Та, однако, пыталась успокоиться, улыбнулась. Но во взгляде ее была растерянность. Лицо судорожно подергивалось.

— Простите, господин комиссар… Мне сказали, что моя мать и сестра здесь и…

— Кто вам сказал?

— Кто?! — испуганно повторила она.

Как она не похожа на Франсуазу! Мадам Риво — жертва, женщина, сохранившая плебейские привычки, и к ней, видимо, относились без всякого уважения. Даже мать смотрела на нее довольно холодно.

— Как, ты не знаешь кто?

— Это когда я шла…

— Ты не видела своего мужа?

— Ах, нет! Нет!.. Уверяю вас, нет!..

Мегрэ с тревогой смотрел по очереди на всех троих, затем на площадь, но Ледюк все еще не появлялся. Что бы это значило? Комиссар хотел быть уверенным, что доктор находится в его распоряжении. Он поручил Ледюку следить за ним, а еще лучше — привести его в гостиницу.

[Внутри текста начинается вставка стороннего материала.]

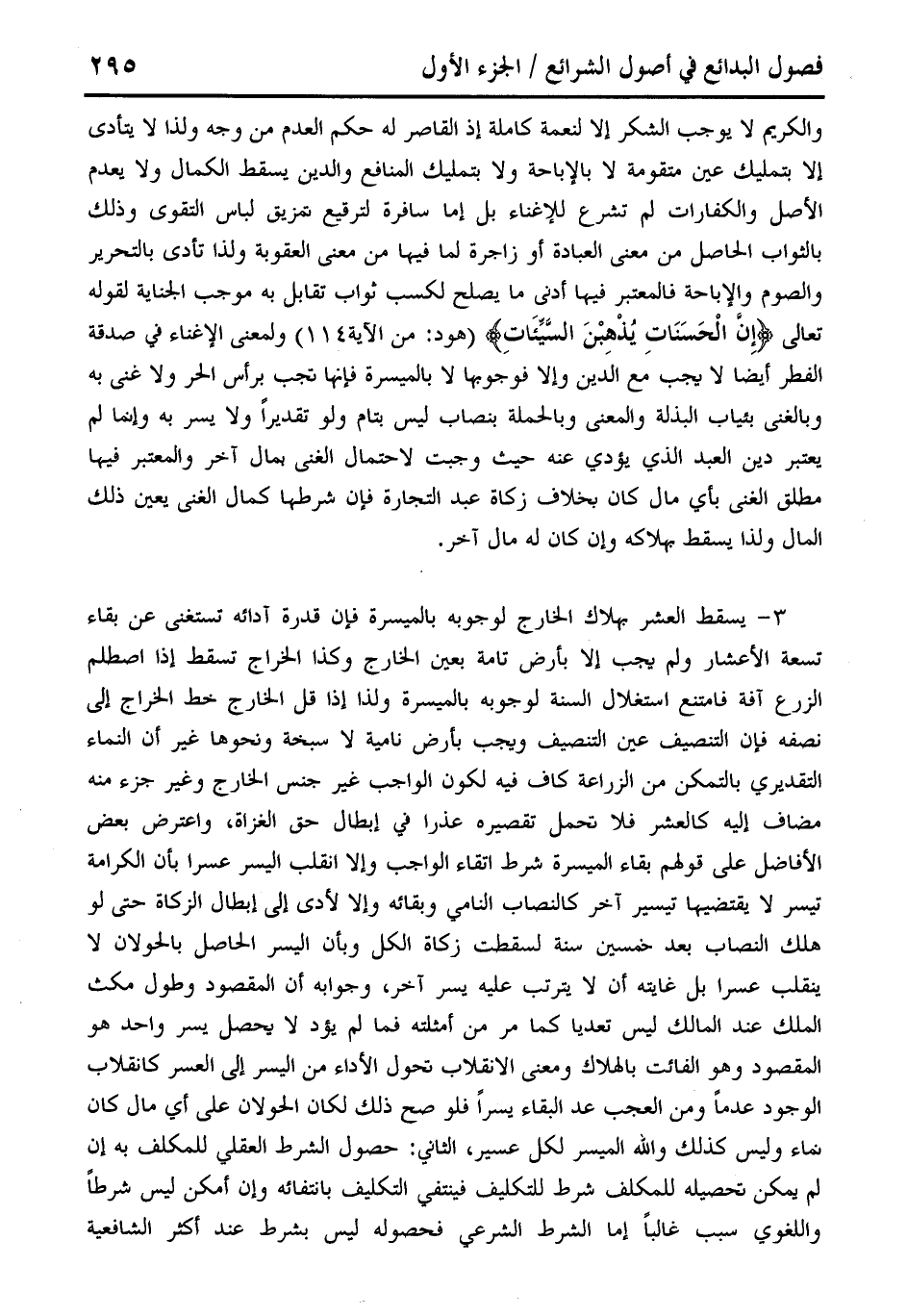 3 - يسقط العشر بهلاك الخارج لوجوبه بالميسرة فإن قدرة آدائه تستغنى عن بقاء تسعة الأعشار ولم يجب إلا بأرض تامة بعين الخارج وكذا الخراج تسقط إذا اصطلم الزرع آفة فامتنع استغلال السنة لوجوبه بالميسرة ولذا إذا قل الخارج خط الخراج إلى نصفه فإن التنصيف عين التنصيف ويجب بأرض نامية لا سبخة ونحوها غير أن النماء التقديري بالتمكن من الزراعة كاف فيه لكون الواجب غير جنس الخارج وغير جزء منه مضاف إليه كالعشر فلا تحمل تقصيره عذرا في إبطال حق الغزاة، واعترض بعض الأفاضل على قولهم بقاء الميسرة شرط اتقاء الواجب وإلا انقلب اليسر عسرا بأن الكرامة تيسر لا يقتضيها تيسير آخر كالنصاب النامي وبقائه وإلا لأدى إلى إبطال الزكاة حتى لو هلك النصاب بعد خمسين سنة لسقطت زكاة الكل وبأن اليسر الحاصل بالحولان لا ينقلب عسرا بل غايته أن لا يترتب عليه يسر آخر، وجوابه أن المقصود وطول مكث الملك عند المالك ليس تعديا كما مر من أمثلته فما لم يؤد لا يحصل يسر واحد هو المقصود وهو الفائت بالهلاك ومعنى الانقلاب تحول الأداء من اليسر إلى العسر كانقلاب الوجود عدمًا ومن العجب عد البقاء يسرًا فلو صح ذلك لكان الحولان على أي مال كان نماء وليس كذلك والله الميسر لكل عسير، الثاني: حصول الشرط العقلي للمكلف به إن لم يمكن تحصيله للمكلف شرط للتكليف فينتفي التكليف بانتفائه وإن أمكن ليس شرطًا واللغوي سبب غالبًا إما الشرط الشرعي فحصوله ليس بشرط عند أكثر الشافعية

Мегрэ не обращал внимания на жену. Он смотрел на пыльные туфли мадам Риво, которая, наверное, бежала сюда, затем на застывшее лицо Франсуазы. Неожиданно мадам Мегрэ наклонилась к нему, пробормотала:

— Дай-ка трубку…

Он хотел было возмутиться. Но тут вдруг заметил, что жена уронила на простыню клочок бумаги. И прочитал:

«Мадам Риво только что передала сестре записку, она у той в кулаке.»

Снаружи ярко светило солнце. Была слышна вся гамма городских звуков, которую Мегрэ знал наизусть. Госпожа Босолей, сидя прямо на стуле, ждала, как женщина, которая умеет себя держать. Мадам Риво, наоборот, была не в состоянии взять себя в руки и напоминала школьницу, застигнутую врасплох.

— Мадемуазель Франсуаза… — начал было Мегрэ.

Та вздрогнула всем телом. На какую-то секунду ее взгляд встретился со взглядом Мегрэ. Это был твердый, умный взгляд человека, не теряющего голову.

— Подойдите ко мне, пожалуйста, и…

Браво, мадам Мегрэ! Наверное, она угадала то, что произойдет? Она повернулась к двери. Но Франсуаза уже сорвалась с места, бежала по коридору, к лестнице.

— Что она делает? — в ужасе спросила Жозефина Босолей.

Мегрэ не двинулся с места, он не мог двигаться. Не мог он послать в погоню и жену.

— Когда муж дал вам записку? — лишь спросил он у мадам Риво.

— Какую записку?

Зачем начинать тягостный допрос? Мегрэ позвал жену.

— Посмотри в окно, что выходит на другую строну гостиницы…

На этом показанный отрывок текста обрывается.